**Try it:** Please transcribe the data below in full, word for word, without the images.

**Stored data:**
....

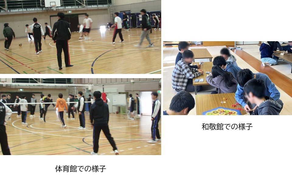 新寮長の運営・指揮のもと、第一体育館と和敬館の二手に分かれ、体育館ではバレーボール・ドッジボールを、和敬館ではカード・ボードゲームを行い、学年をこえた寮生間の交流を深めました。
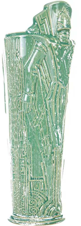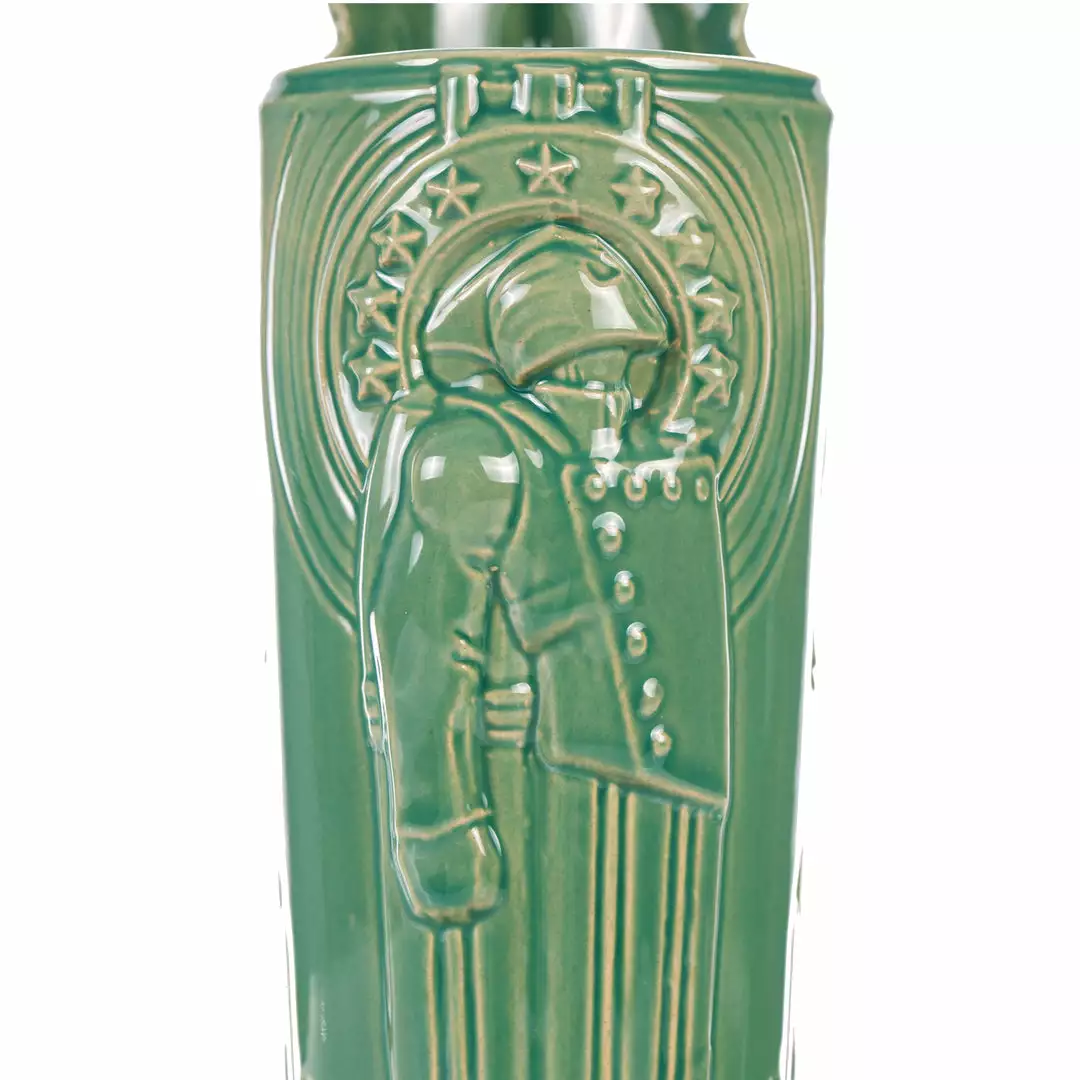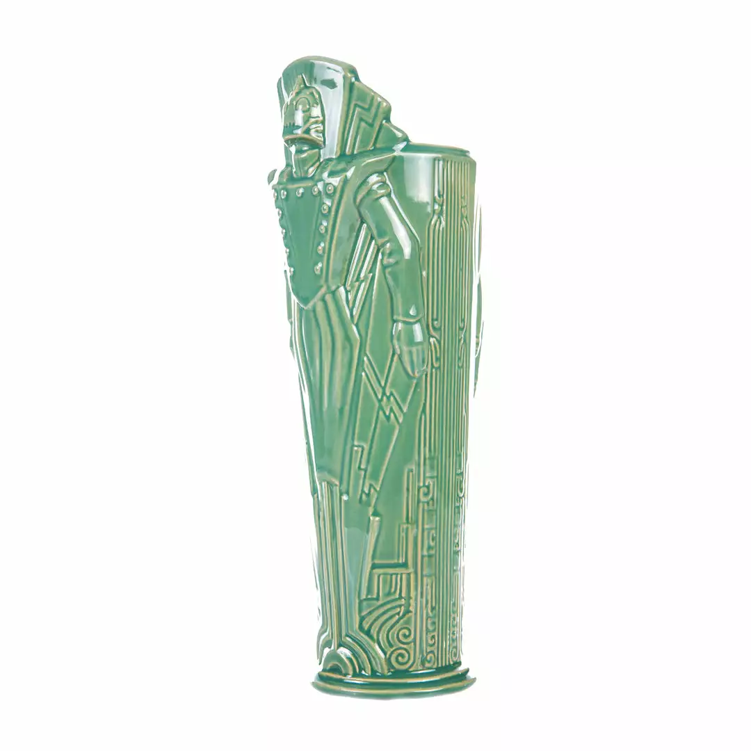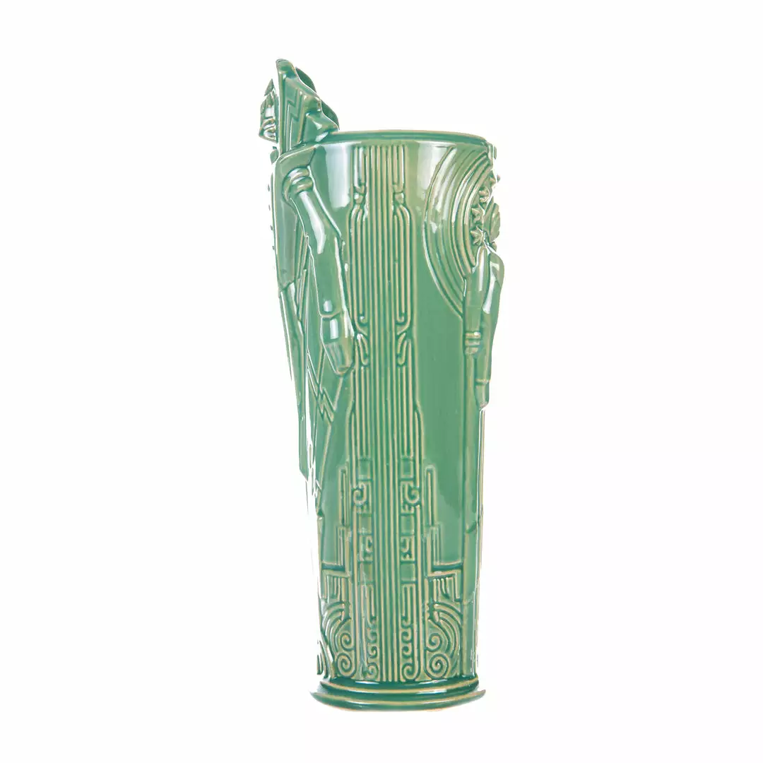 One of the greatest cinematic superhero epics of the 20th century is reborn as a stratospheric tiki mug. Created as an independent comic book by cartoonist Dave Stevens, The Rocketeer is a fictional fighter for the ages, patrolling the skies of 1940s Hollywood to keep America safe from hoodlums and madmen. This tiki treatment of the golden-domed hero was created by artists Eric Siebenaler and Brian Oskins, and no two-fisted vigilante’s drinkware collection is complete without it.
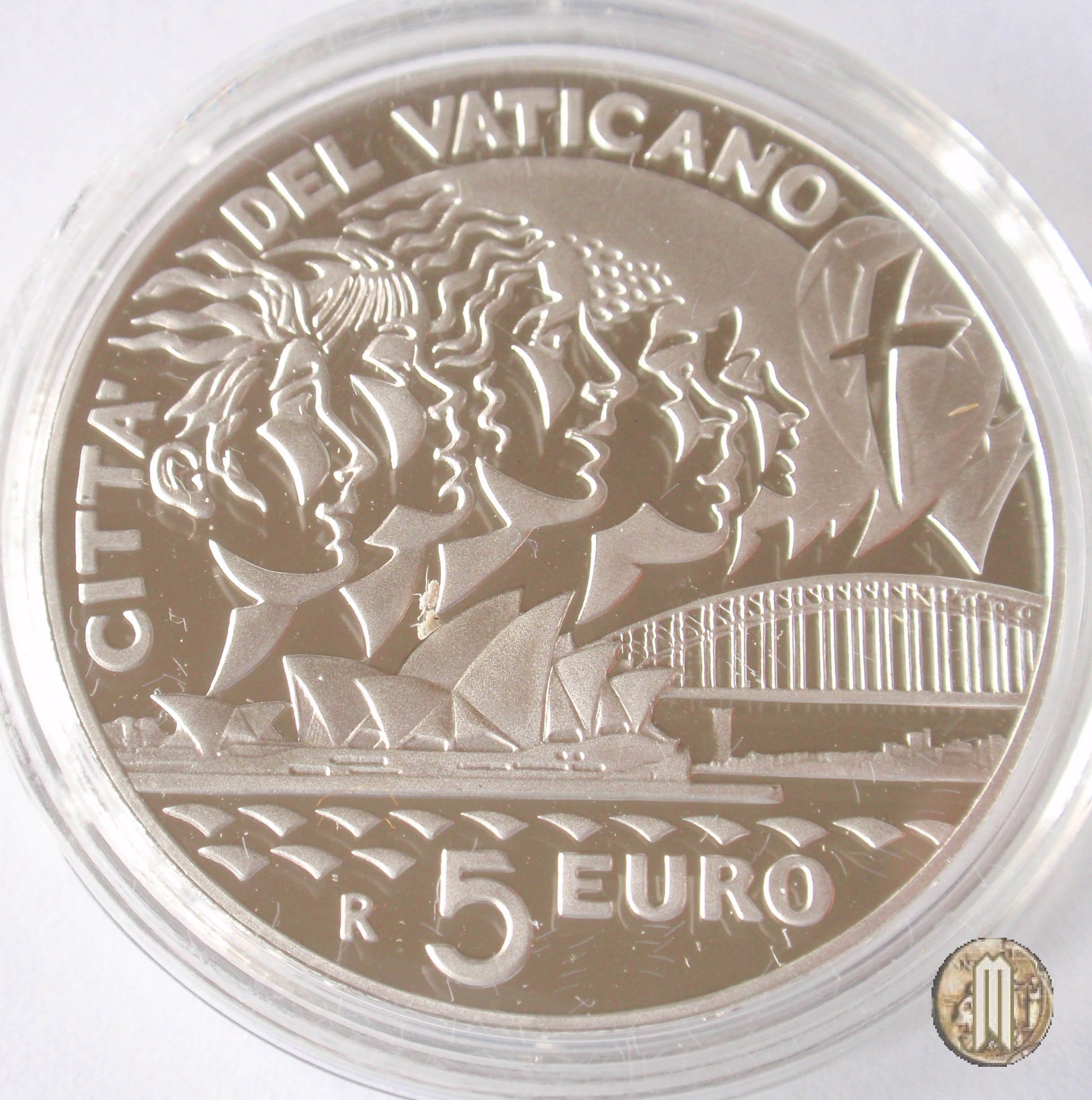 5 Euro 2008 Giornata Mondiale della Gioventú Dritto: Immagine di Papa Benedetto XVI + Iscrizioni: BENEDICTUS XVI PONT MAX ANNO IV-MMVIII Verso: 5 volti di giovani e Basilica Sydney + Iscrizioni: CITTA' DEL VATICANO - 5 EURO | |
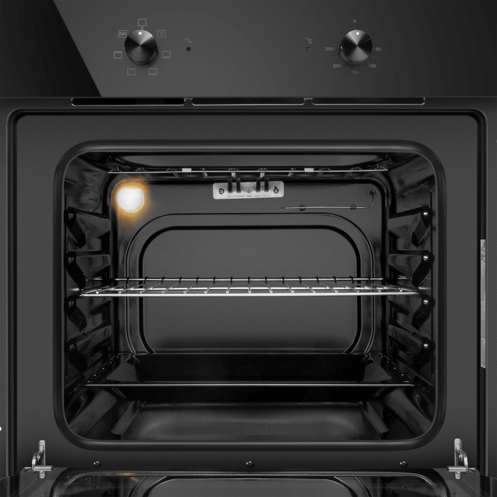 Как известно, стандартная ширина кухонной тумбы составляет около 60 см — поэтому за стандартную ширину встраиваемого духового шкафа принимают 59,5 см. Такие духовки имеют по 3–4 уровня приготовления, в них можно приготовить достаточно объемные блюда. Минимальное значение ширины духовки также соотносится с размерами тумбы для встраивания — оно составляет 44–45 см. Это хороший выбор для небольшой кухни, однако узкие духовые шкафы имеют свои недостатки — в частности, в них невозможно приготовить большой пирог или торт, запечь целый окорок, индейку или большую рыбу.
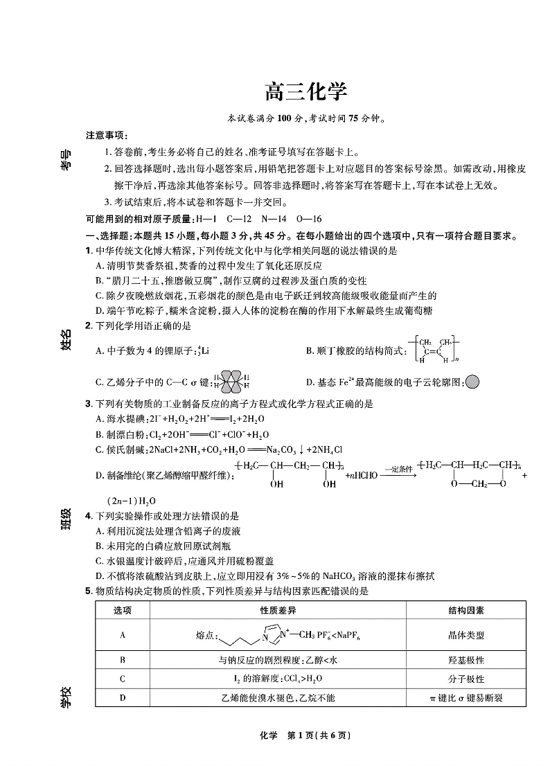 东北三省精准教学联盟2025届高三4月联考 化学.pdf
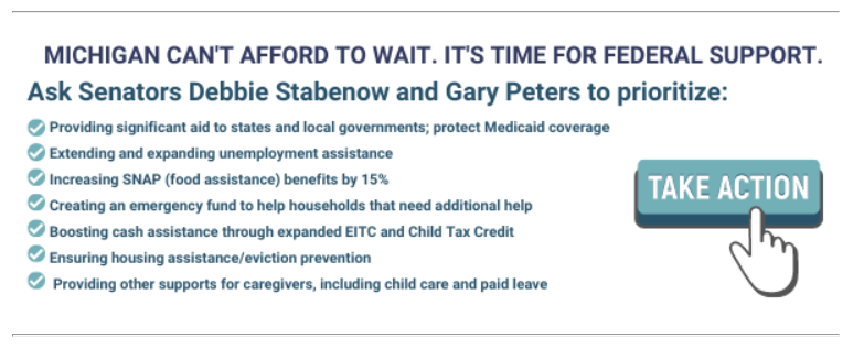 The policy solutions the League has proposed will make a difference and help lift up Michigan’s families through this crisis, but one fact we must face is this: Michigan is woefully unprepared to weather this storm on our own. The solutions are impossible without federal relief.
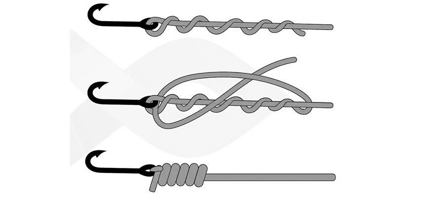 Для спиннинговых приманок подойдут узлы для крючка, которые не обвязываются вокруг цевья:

....

**Task response:**
 新寮長の運営・指揮のもと、第一体育館と和敬館の二手に分かれ、体育館ではバレーボール・ドッジボールを、和敬館ではカード・ボードゲームを行い、学年をこえた寮生間の交流を深めました。
 One of the greatest cinematic superhero epics of the 20th century is reborn as a stratospheric tiki mug. Created as an independent comic book by cartoonist Dave Stevens, The Rocketeer is a fictional fighter for the ages, patrolling the skies of 1940s Hollywood to keep America safe from hoodlums and madmen. This tiki treatment of the golden-domed hero was created by artists Eric Siebenaler and Brian Oskins, and no two-fisted vigilante’s drinkware collection is complete without it.
 5 Euro 2008 Giornata Mondiale della Gioventú Dritto: Immagine di Papa Benedetto XVI + Iscrizioni: BENEDICTUS XVI PONT MAX ANNO IV-MMVIII Verso: 5 volti di giovani e Basilica Sydney + Iscrizioni: CITTA' DEL VATICANO - 5 EURO | |
 Как известно, стандартная ширина кухонной тумбы составляет около 60 см — поэтому за стандартную ширину встраиваемого духового шкафа принимают 59,5 см. Такие духовки имеют по 3–4 уровня приготовления, в них можно приготовить достаточно объемные блюда. Минимальное значение ширины духовки также соотносится с размерами тумбы для встраивания — оно составляет 44–45 см. Это хороший выбор для небольшой кухни, однако узкие духовые шкафы имеют свои недостатки — в частности, в них невозможно приготовить большой пирог или торт, запечь целый окорок, индейку или большую рыбу.
 东北三省精准教学联盟2025届高三4月联考 化学.pdf
 The policy solutions the League has proposed will make a difference and help lift up Michigan’s families through this crisis, but one fact we must face is this: Michigan is woefully unprepared to weather this storm on our own. The solutions are impossible without federal relief.
 Для спиннинговых приманок подойдут узлы для крючка, которые не обвязываются вокруг цевья:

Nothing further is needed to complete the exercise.